Rob,

On 12/11/20 18:52, Rob Sargent wrote:
Chris,

This is _so_ helpful.

On 12/11/20 3:00 PM, Christopher Schultz wrote:
Rob,

On 12/11/20 15:00, Rob Sargent wrote:
> [huge snip]

Your “Job” example seems along the lines of get-it-off-the-servlet,
which again points back to my current queue handler I think.

Yes, I think so. So let's get back to your original idea -- which I think is a good one -- to use a shared queue to manage the jobs.

Just to be clear, the servlet is going to reply to the client ASAP by saying "I have accepted this job and will do my best to complete it", or it will return an error (see below), or it will refuse a connection (see below). Sound okay so far?

[My servlet] takes the payload from the client an writes “lots” of
records in the database.  Do I want that save() call in the servlet
or should I queue it up for some other handler. All on the same
hardware, but that frees up the servlet.
If the client doesn't care about job status information, then fire-and-forget clients is a reasonable methodology. You may find that at some point, they will want to get some job-status information. You could implement that, later. Version 2.2 maybe?

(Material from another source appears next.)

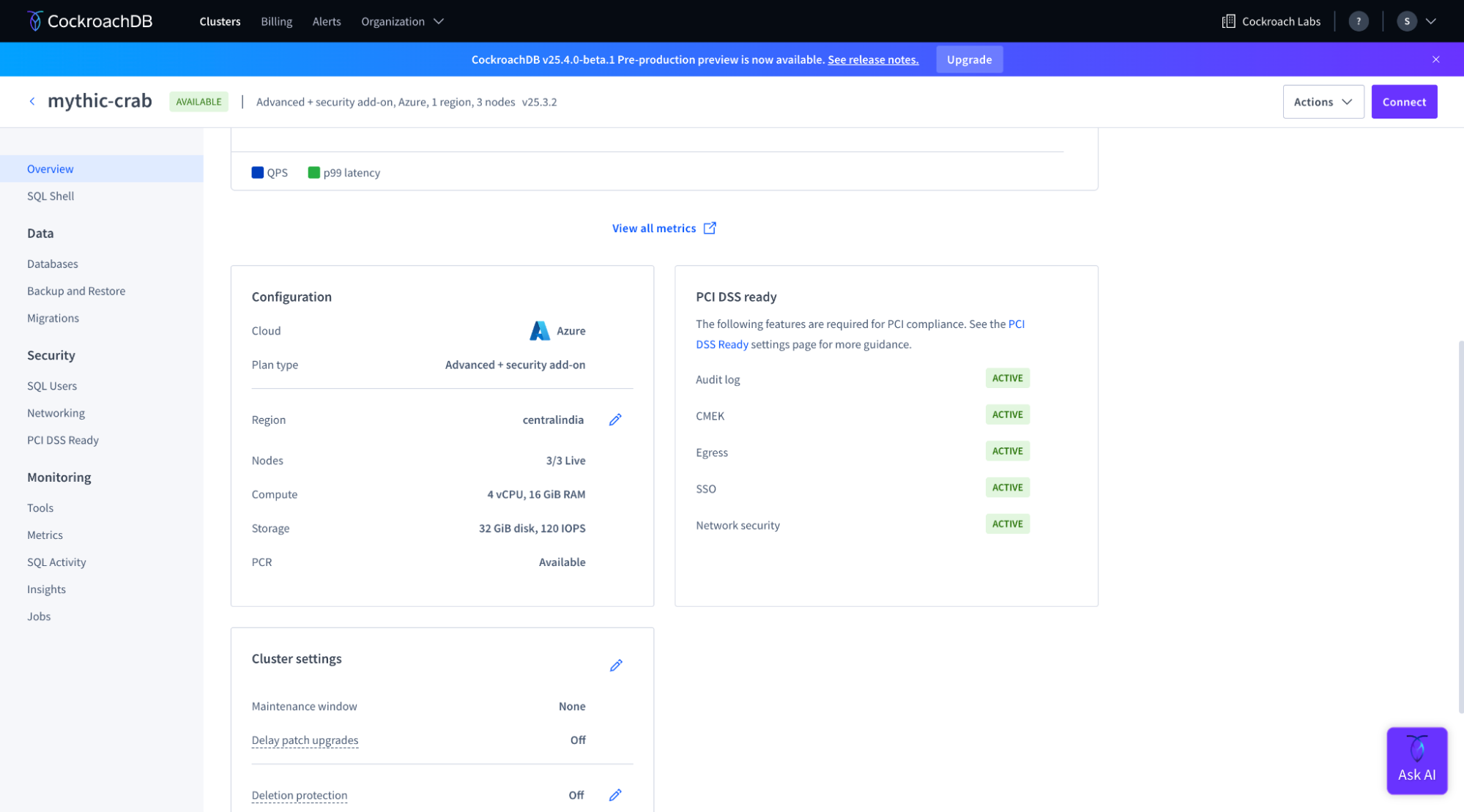 This feature is a critical enabler for organizations in highly regulated industries. With these new capabilities, now in private preview as part of CockroachDB 25.3, CockroachDB Cloud on Azure is positioned to meet the strictest requirements for HIPAA (Health Insurance Portability and Accountability Act) and PCI DSS (Payment Card Industry Data Security Standard) compliance. Data architects can now build massively scalable, resilient applications on Azure with the confidence that your data is protected by controls that you manage, satisfying both your internal governance policies and external regulatory mandates.

Yeah, my clients are only visible through the AWS console currently. Any "progress/dashboard" won't show up 'til version 2.345


On the other hand, if you can process some of the request in a streaming way, then you can be writing to your database before your client is done sending the request payload. You can still do that with fire-and-forget, but it requires some more careful handling of the streams and stuff like that.

The one thing you cannot do is retain a reference to the request (response, etc.) after your servlet's service() method ends. Well, unless you go async but that's a whole different thing which doesn't sound like what you want to do, now that I have more info.

Calling save() from the servlet would tie-up the request-processing thread until the save completes. That's where you get your 18-hour response times, which is not very HTTP-friendly.
Certainly don't want to pay for 18 EC2 hours of idle.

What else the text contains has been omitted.